Meilleurs algorithmes

L’équipe de recherche a classé les algorithmes en fonction du score médian de toutes les tumeurs et a trouvé un soumission performante dans SC1a et SC2b, tandis que SC1b et SC1c avaient deux soumissions statistiquement équivalentes, et SC2a en avait trois. L’algorithme le plus performant de SC1a utilisait uniquement les appels de nombre de copies pour inférer la pureté, tandis que la méthode secondaire combinait les estimations de pureté des clusters SNV et du nombre de copies.

Analyse des facteurs influents

L’analyse des caractéristiques des tumeurs et des algorithmes a révélé que seules quelques caractéristiques tumorales influençaient fortement la précision de la reconstruction. La sensibilité à des caractéristiques tumorales spécifiques expliquait les différences entre les algorithmes en termes de détection des variations et de résolution des données. En particulier, la pureté tumorale, l’état du nombre de copies et la charge mutationnelle affectaient significativement la performance de nombreux algorithmes, tandis que les algorithmes basés sur un modèle de bruit gaussien performaient mal dans les tâches de co-clustering des SNVs.

Influence des caractéristiques intrinsèques des données et de la conception expérimentale sur la précision

L’étude a montré que le principal paramètre technique contrôlable dans la conception expérimentale était la couverture de séquençage.

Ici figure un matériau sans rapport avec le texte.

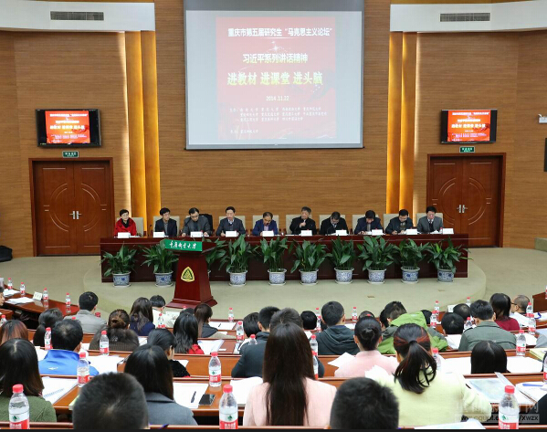 2014年11月22日,重庆市第五届研究生“马克思主义论坛”在重庆邮电大学举行,来自我市10所高校近200名马克思主义学科的研究生及教师代表参会。此次论坛以“习近平系列讲话精神进教材、进课堂、进头脑”为主题,由西南大学、色戒

En ajustant la couverture de séquençage pour prendre en compte la pureté tumorale et la ploïdie, les chercheurs ont quantifié l’effet du NRPCC (nombre de lectures par copie de chromosome) sur la reconstruction des sous-clones. Les résultats ont montré que plus le NRPCC était élevé, meilleure était la performance des algorithmes en matière de co-clustering des SNVs et d’estimation de la pureté tumorale. Cependant, à des niveaux élevés de NRPCC, les différences entre les algorithmes devenaient la principale source de variation.

Analyse des sources d’erreur

L’étude a également exploré les sources d’erreur dans l’estimation de la fréquence des SNVs. La plupart des algorithmes déterminaient avec précision si un SNV était une mutation clonale, mais performaient mal dans la détection des mutations sous-clonales à faible fréquence. De plus, l’état sous-jacent du nombre de copies affectait significativement la précision de l’affectation clonale des SNVs, en particulier dans les régions de perte de nombre de copies des sous-clones. Les algorithmes basés sur un modèle de bruit gaussien performaient mal pour les variations à faible fréquence, et la robustesse d’un algorithme aux variations du nombre de copies était fortement corrélée à sa performance globale.

Conclusion

Cette étude a systématiquement évalué la performance de 31 algorithmes de reconstruction des sous-clones tumoraux à échantillon unique sur 51 tumeurs simulées, révélant l’impact significatif du choix de l’algorithme et de la conception expérimentale sur la précision de la reconstruction. Les résultats de la recherche contribueront à améliorer l’application des méthodes existantes et au développement de nouvelles méthodes pour mieux comprendre le processus évolutif des tumeurs. En outre, l’équipe de recherche a fourni un outil en ligne pour aider les utilisateurs à choisir le meilleur algorithme en fonction des ensembles de données et des questions de recherche.

Importance de la recherche

Cette étude fournit une norme pour l’évaluation des algorithmes de reconstruction des sous-clones tumoraux, favorisant la comparaison et l’amélioration des différents algorithmes. En révélant les principaux facteurs influençant la performance des algorithmes, cette recherche offre des orientations importantes pour le développement et l’optimisation futurs des algorithmes. Parallèlement, cette étude souligne l’importance des données de séquençage de haute qualité et d’une conception expérimentale appropriée dans la recherche sur l’évolution tumorale, fournissant des références précieuses pour le traitement clinique du cancer et l’évaluation du pronostic.